Fortune Magazine unveils inaugural Crypto 100 rankings, BlackRock tops ETFs

Fortune Magazine just did something it has never done before: rank the crypto industry the same way it ranks corporate America. The publication’s first-ever Crypto 100, released June 11, maps the digital asset landscape across ten categories, with BlackRock, Coinbase, Franklin Templeton, and Hyperliquid each claiming top spots in their respective lanes.
The list was built in partnership with blockchain analytics firm Inca Digital and drew on input from more than 200 crypto experts. Over 3,000 companies were evaluated.
Who landed where
BlackRock earned the number one ranking in the DATs and ETFs category. The asset management giant’s spot Bitcoin and Ethereum ETFs have channeled billions in institutional capital into crypto.
Franklin Templeton topped the TradFi category, a nod to the legacy asset manager’s aggressive push into tokenization and on-chain fund products. Coinbase held the top spot in CeFi, edging out Binance. Robinhood, meanwhile, led the Fintechs category.
The DeFi crown went to Hyperliquid, a decentralized perpetuals exchange. The protocol’s rise was accelerated by the launch of HYPE token ETFs in May 2026, which pulled in between $75M and $160M in early inflows.
Rounding out the category leaders: Andreessen Horowitz topped the venture capital rankings, Tether led stablecoins, Chainalysis took the crypto services crown, and MARA (formerly Marathon Digital) was the top mining operation. Each category featured ten entrants, giving the full list its “100” designation.
Fortune also published a companion Crypto Innovators 30 list alongside the rankings.
The institutional takeover is now quantifiable
Fortune itself described the current moment as a “suit-and-tie era of crypto.” BlackRock’s spot Bitcoin ETF became one of the fastest-growing ETF products in financial history after its January 2024 launch, and its Ethereum ETF followed a similar trajectory.
Franklin Templeton has been one of the most aggressive traditional asset managers in experimenting with tokenized money market funds and on-chain settlement.
What Hyperliquid’s rise tells us about DeFi capital flows
Hyperliquid’s appearance at the top of the DeFi rankings is arguably the most interesting subplot.

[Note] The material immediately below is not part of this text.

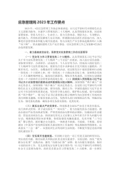 应急管理局2023年上半年工作总结和下半年工作计划今年以来,x市深入学习贯彻习近平总书记关于安全生产和防灾减灾救灾重要论述,不断健全完善安全生产责任体系,夯实应急管理基层基础,着力提升防灾减灾救灾能力,守住安全底线,筑牢灾害防线,实现了生产安全零事故,整体水平有提升的总体目标,成功应对了各类自然灾害,为全市经济社会发展提供坚强的应急管理保障一、主要工作进展情况(一)坚持抓统筹、促整改,不断深化重大事故隐患专项排查整治一是全面部署,整体推进。x市专项排查整治工作部署以后,先后主持召开动员部署会、市委常委会和市政府常务会议,部署安排专项整治工作,听取汇报,解决问题。市安委会认真谋划制定实施方案,逐...

The protocol runs a high-performance decentralized exchange focused on perpetual futures, operating on its own Layer 1 blockchain rather than piggybacking on Ethereum or Solana.
The launch of HYPE token ETFs in May 2026 marked a notable first: regulated investment products built around a DeFi-native token that isn’t Bitcoin or Ethereum. Early inflows between $75M and $160M suggest real institutional appetite for exposure beyond the two legacy assets that have historically dominated crypto fund flows.